ABOUT THIS EXERCISE:
Would you copy the records below, exactly and only from their first line through the line containing "茶筒を石臼の穴に使用した後、タップして石臼を回します。", without any pictures?

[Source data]

--- --- ---

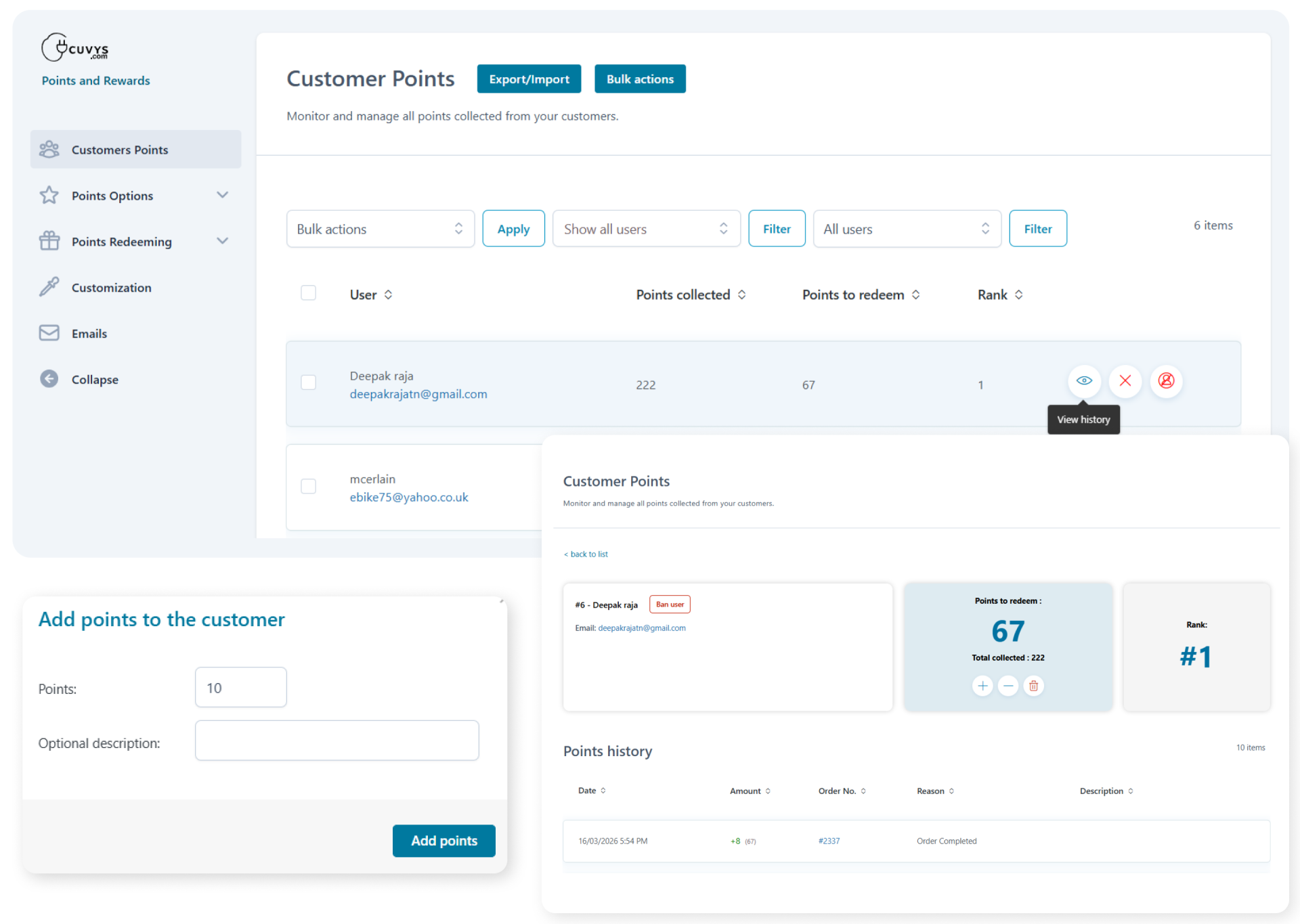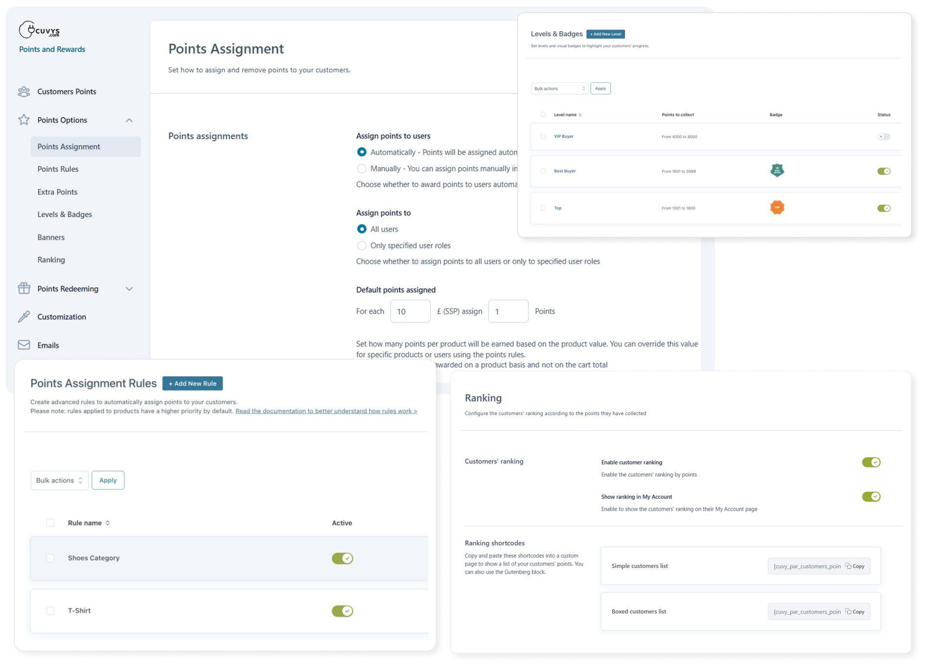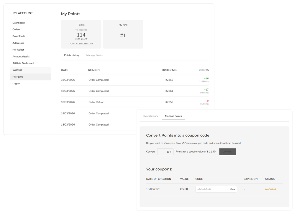 Configure how points are assigned, set earning rules, offer extra points, create levels and badges, display banners, and rank customers to enhance engagement and loyalty.
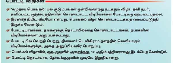 ** ‘Community Pongal’ is a festival held by many families together. Celebration videos of individual and individual families are not eligible for the competition.
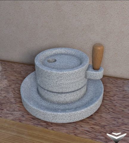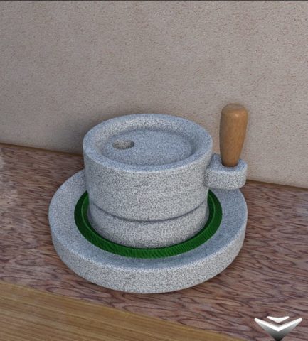 茶筒を石臼の穴に使用した後、タップして石臼を回します。
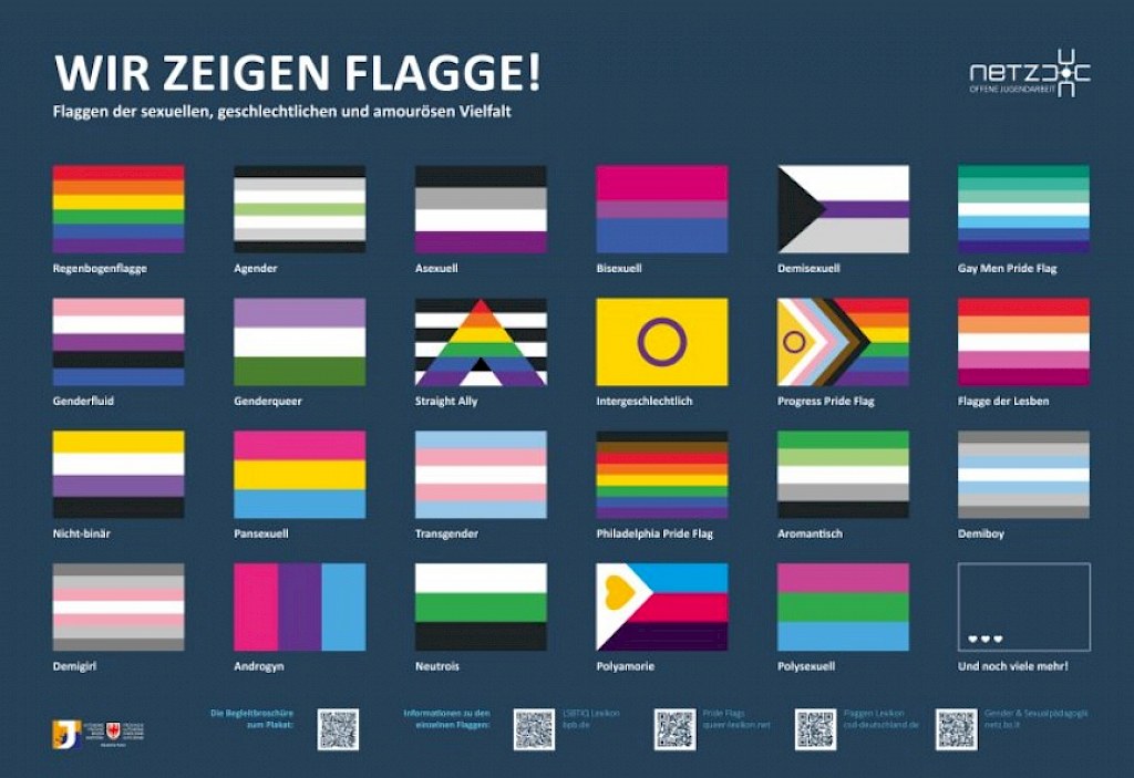 „Wenn es so viele Möglichkeiten gibt, weiß ich gar nicht mehr, wer ich bin!“ Das ist eine der Fragen, die in der neuen Broschüre „Wir zeigen Flagge – Antworten auf häufig gestellte Fragen“ beantwortet wird. netz | Offene Jugendarbeit und das Queere Chaos Kollektiv Innsbruck haben gemeinsam die Broschüre erarbeitet, um die Fachkräfte der Jugendarbeit in Gesprächen mit Jugendlichen rund um das Thema sexuelle, geschlechtliche und amouröse Vielfalt zu unterstützen. Die Veröffentlichung entstand als Reaktion auf die unterschiedlichen Rückmeldungen zum 2022 eingeführten Poster "Wir zeigen Flagge!". Dieses zeigt eine Vielzahl von Flaggen, die für unterschiedliche Geschlechtsidentitäten, Beziehungsformen und sexuelle Orientierungen stehen. Ziel war es, Jugendliche in Jugendeinrichtungen für Inklusion, Sichtbarkeit und Akzeptanz queerer Vielfalt zu sensibilisieren.
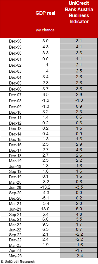Economic sentiment in Austria has worsened as spring progresses. "The UniCredit Bank Austria Business Indicator fell to minus 2.4 points in May. Falling for the third time in a row, the indicator has dropped to a level comparable to that of autumn last year", says UniCredit Bank Austria Chief Economist Stefan Bruckbauer, adding: "With this further deterioration, our economic indicator for the second quarter shows that economic development continues to be weak in Austria. The stagnation that has persisted since the second half of 2022 will therefore continue into the summer."
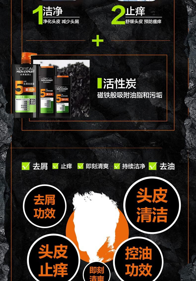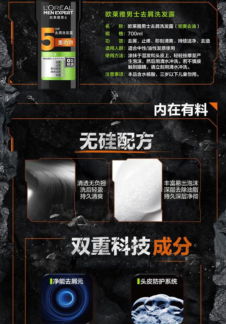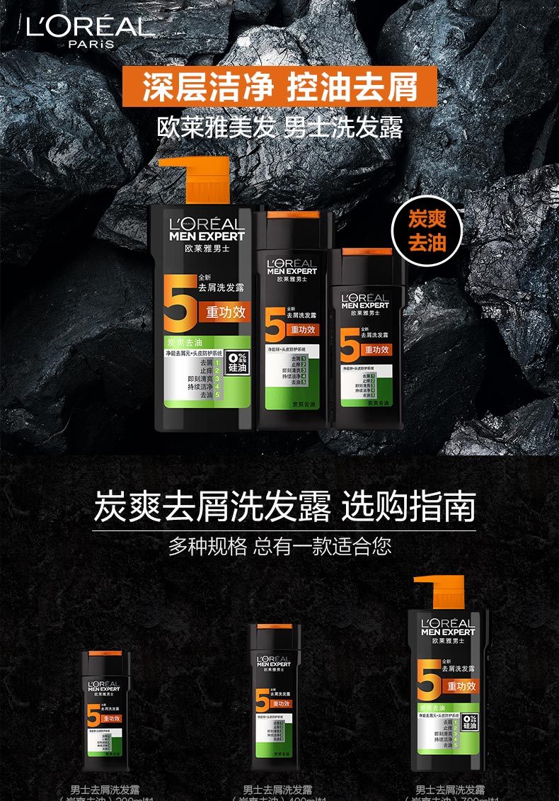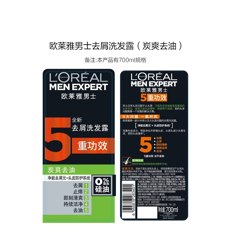 欧莱雅 男士去屑洗发露(炭爽去油) 700ml
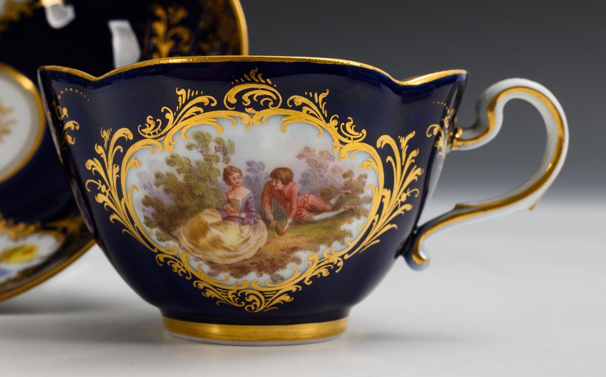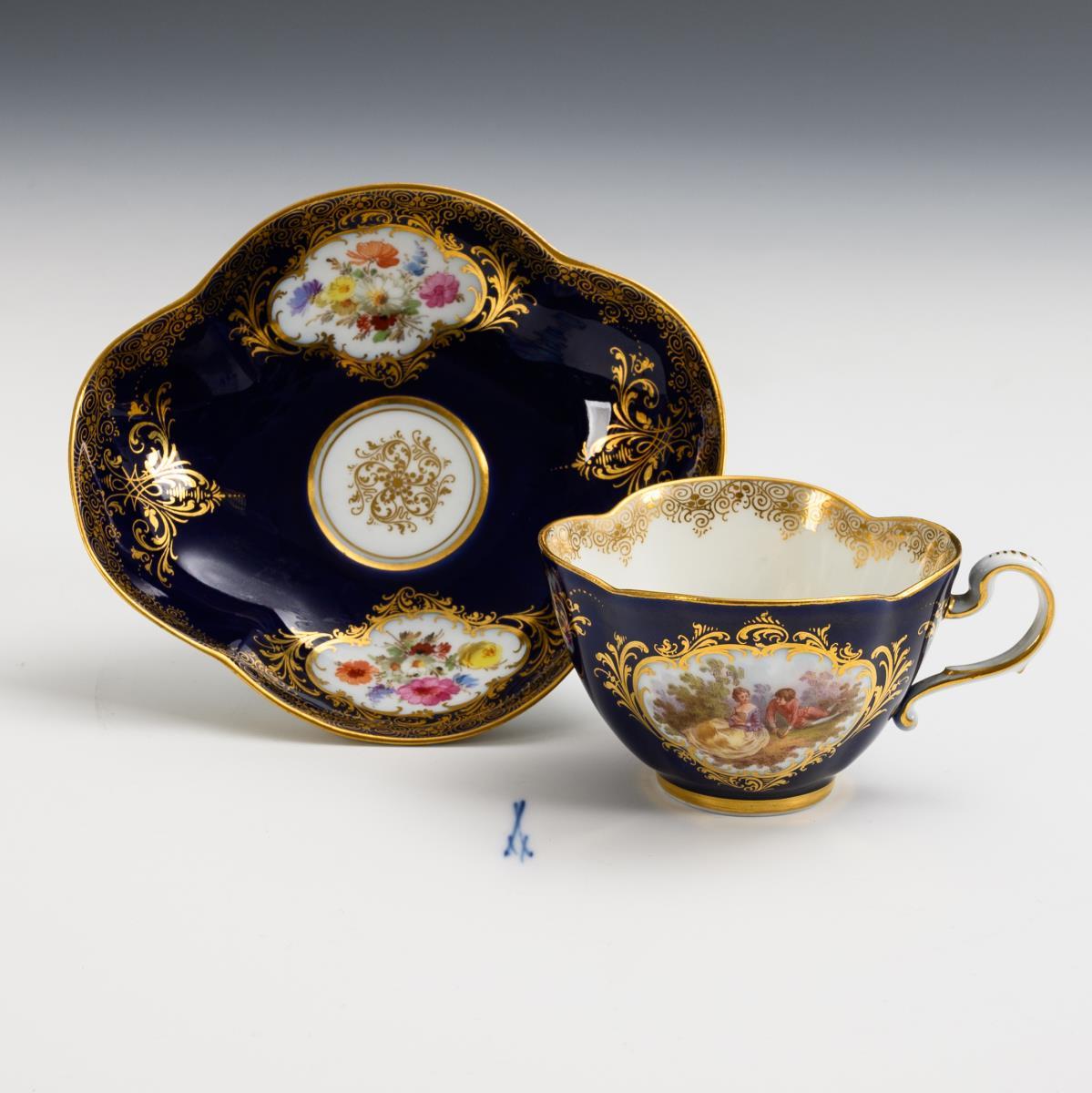 Kobaltfond mit reicher floral-ornamentaler Goldmalerei, schauseitig auf der Tasse eine Vierpasskartusche mit der Darstellung einer galanten Szene, verso ein Blumenbukett.
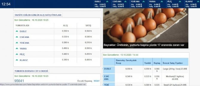 Türkiye’nin yumurta fiyatlarının belirlendiği Afyonkarahisar’ın Başmakçı ilçesinde yumurtanın tane fiyatı büyüklük ve kalitesine göre 40-56 kuruş arasında değişiyor. Fiyatlara son 1 ayda neredeyse yüzde 30 zam geldiği öğrenilirken, kentte yumurtanın marker ve şarküterilerdeki koli fiyatı ise 16-20 TL arasında değişiyor. Yumurtanda yaşanan önlenemez fiyat artışı ile ilgili fiyatlarının belirlendiği ve adeta Türkiye’nin yumurta borsası konumundaki Başmakçı ilçesindeki kooperatifler ve birlikler ise fiyatlarda yaşanan artışla ilgili açıklama yapmaktan kaçınılıyor. İhlas Haber Ajansı (İHA) muhabirlerinin sorularını yanıtsız bırakan kooperatif ve birlik yöneticileri sadece fiyatların yükselmesinin nedeninin kendileri yani üreticiler ile alakalı olmadığını savundular.
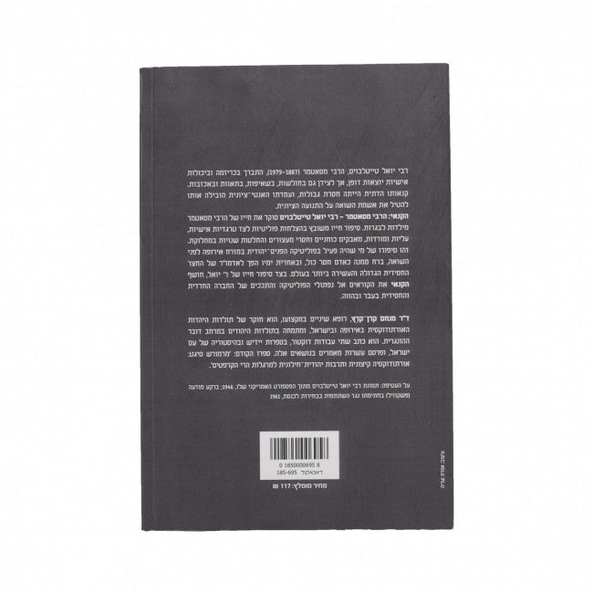רבי יואל טייטלבוים, הרבי מסאטמר (1979-1887), התברך בכריזמה וביכולות אישיות יוצאות דופן, אך לצידן גם בחולשות, בשאיפות, בתאוות ובאכזבות. קנאותו הדתית הייתה חסרת גבולות, ועמדתו האנטי-ציונית הובילה אותו להטיל את אשמת השואה על התנועה הציונית. הקנאי: הרבי מסאטמר - רבי יואל טייטלבוים סוקר את חייו של הרבי מסאטמר מילדות לבגרות. סיפור חייו משובץ בהצלחות פוליטיות לצד טרגדיות אישיות, עליות ומורדות, מאבקים כוחניים וחסרי מעצורים והחלטות שנויות במחלוקת. זהו סיפורו של מי שהיה פעיל בפוליטיקה הפנים יהודית במזרח אירופה לפני השואה, ברח ממנה כאדם חסר כול, ובאחרית ימיו הפך לאדמו"ר של החצר החסידית הגדולה והעשירה ביותר בעולם. בצד סיפור חייו של ר' יואל, חושף הקנאי את הקוראים אל נפתולי הפוליטיקה והתככים של החברה החרדית והחסידית בעבר ובהווה. ד"ר מנחם קרן קרץ, רופא שיניים במקצועו, הוא חוקר של תולדות היהדות האורתודוקסית באירופה ובישראל, ומתמחה בתולדות היהודים במרחב דובר ההונגרית. הוא כתב שתי עבודות דוקטור, בספרות יידיש ובהיסטוריה של עם ישראל, ופרסם עשרות מאמרים בנושאים אלה. ספרו הקודם: 'מרמורש סיגט: אורתודוקסיה קיצונית ותרבות יהודית חילונית למרגלות הרי הקרפטים'. על העטיפה: תמונת רבי יואל טייטלבוים מתוך הפספורט האמריקני שלו, 1946; ברקע מודעה (פשקוויל) בחתימתו נגד השתתפות בבחירות לכנסת, 1961
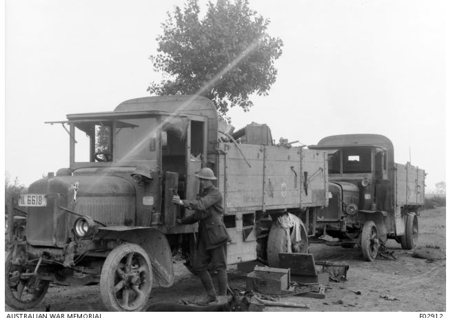 AWM E02912. Framerville, German truck captured in August 1918. Photographer unknown, photograph sourced from the Pictorial Collection of the Australian War Memorial

--- --- ---

RESPONSE:
 Configure how points are assigned, set earning rules, offer extra points, create levels and badges, display banners, and rank customers to enhance engagement and loyalty.
 ** ‘Community Pongal’ is a festival held by many families together. Celebration videos of individual and individual families are not eligible for the competition.
 茶筒を石臼の穴に使用した後、タップして石臼を回します。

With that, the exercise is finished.